Seja bem-vindo ao "Estação 018"! Um blog pouco reticente, mesmo cheio destas reticências que compõem a existência. Que tenta ser poético, literário e revolucionário, mas acaba se rendendo à calmaria de alguns bons versos. Bem-vindo a uma faceta artística do caos... Embarque sem medo e com ânsia: "Estação 018, onde se fala da vida..."

segunda-feira, 20 de outubro de 2014

[significar]

És tu, pois, a emissária do Sol
de longos trajes a significar luz
e ressignificar os dias que adentram às noites:
verão de existir e inverno de esquecer.

E me matas de luz vindoura
com sorrisos de solstício e
pressa de chegar tremeluzindo:
evocação de ser e riso de amanhecer.

Amanhece, menina, que teu sorrir é todo apunhalar as noites.

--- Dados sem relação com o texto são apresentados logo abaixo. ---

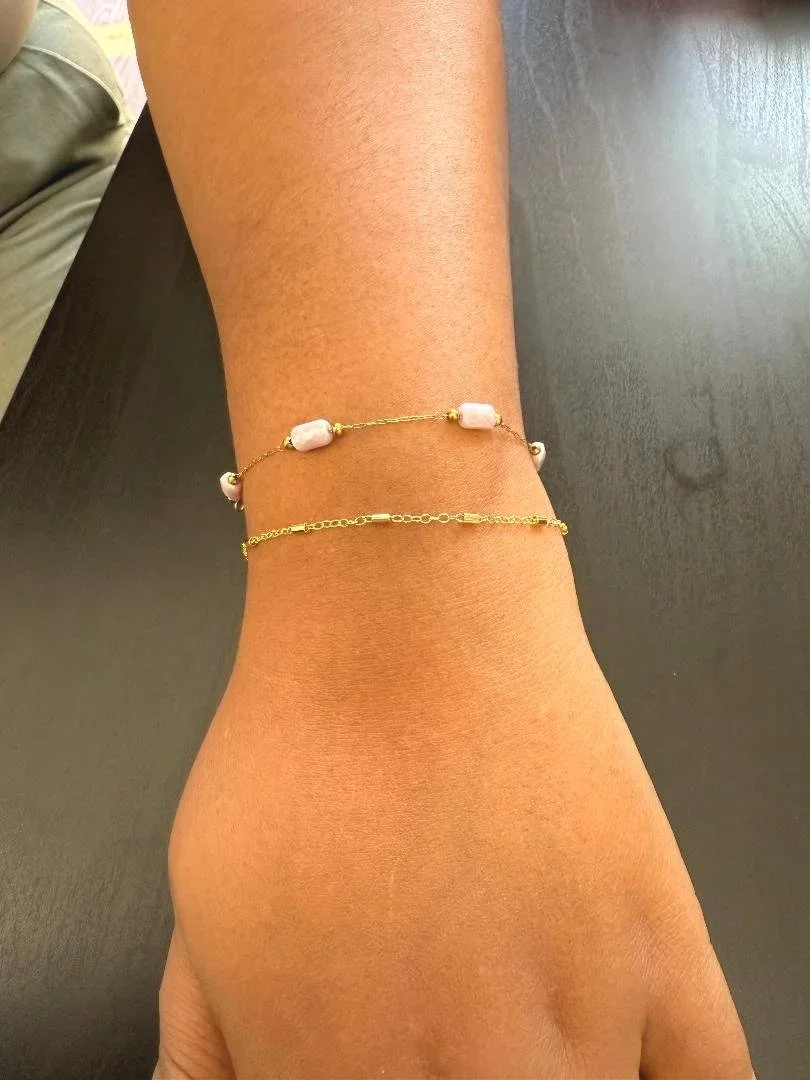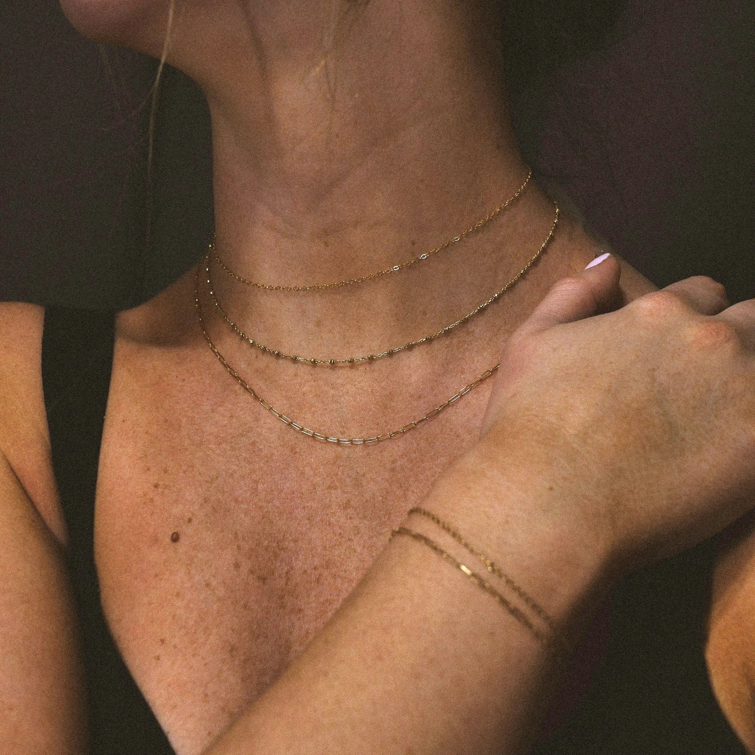 For those seeking the appeal of gold without the hefty price tag, Gold-filled chains are an excellent option for permanent jewelry. Not to be confused with gold-plated, which is prone to tarnishing and losing its shine. Gold-filled jewelry consists of a layer of gold bonded to a base metal core, offering the look and feel of solid gold at a fraction of the cost. The thickness of the gold layer distinguishes various Gold-Filled chain options. Gold-filled chains are known for their durability and resistance to tarnishing. The thicker the layer of gold, the more long-lasting the piece. Gold-Filled is hypoallergenic and the best option for those with skin sensitivities.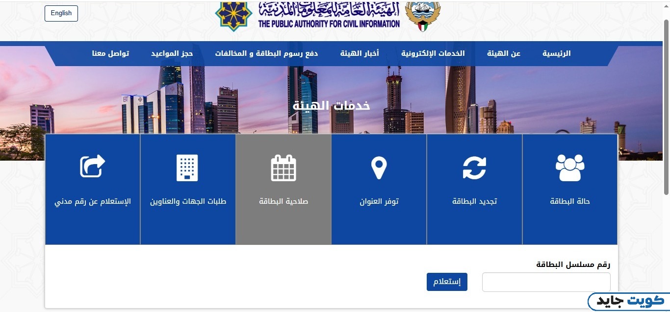 يمكنك الاستعلام عن حالة البطاقة المدنية في الكويت من خلال اتباع الخطوات التالية: [2]
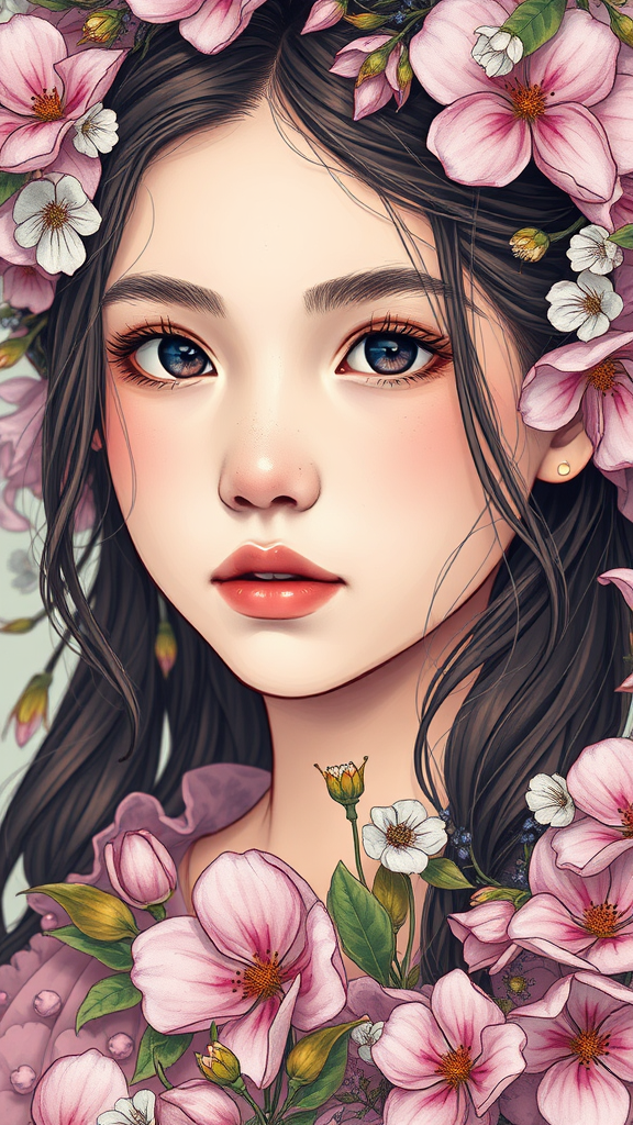 A portrait of a girl adorned in a gown of blooming flowers, echoing the style of Artgerm with fluid linework and rich, intricate details. Her facial features are exquisitely defined, capturing an essence of elegance and grace. The scene embodies a cottagecore aesthetic, infused with the tranquility and beauty of nature. The close-up perspective enhances the intensity of her expression, drawing the viewer into a world where nature and artistry blend seamlessly.
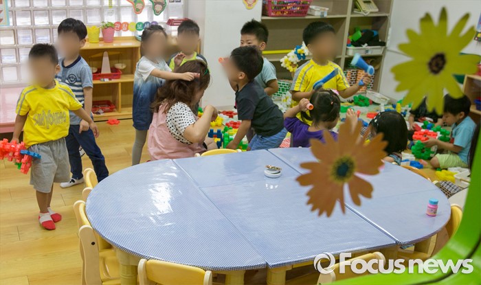 (서울=포커스뉴스) 어린이집을 종일반과 맞춤반으로 나눈 맞춤형 보육 제도가 시행된 1일 서울 성동구 신영창의어린이집에서 원아들이 수업을 하고 있다.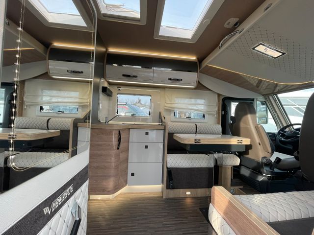 - wunderschöne Sitzgruppe face to face (Zwei Seitensitzbänke) und drehbare Fahrerhaussitze // klappbarer Tisch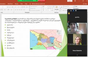 On the same day, a similar meeting with a youth initiative group was held in school # 2 of the village Lia (Tsalenjikha municipality). The children also wrote essays on the topic of Abkhazia and sent messages to Abkhazian peers. Three members of this group shared the knowledge gained at the common training of the initiative groups with friends.

quarta-feira, 15 de outubro de 2014

No jornal

"Segundo seguras fontes, ontem já na alta noite dois indivíduos foram flagrados em plena briga pela guarda de uma criança. A discussão, que envolveu injúrias e difamações em alta voz, foi assistida por todos os vizinhos. Ao fim da discussão, um dos dois conseguiu ficar com a menor, segundo relatos dos presentes, o nome da menina era Verdade."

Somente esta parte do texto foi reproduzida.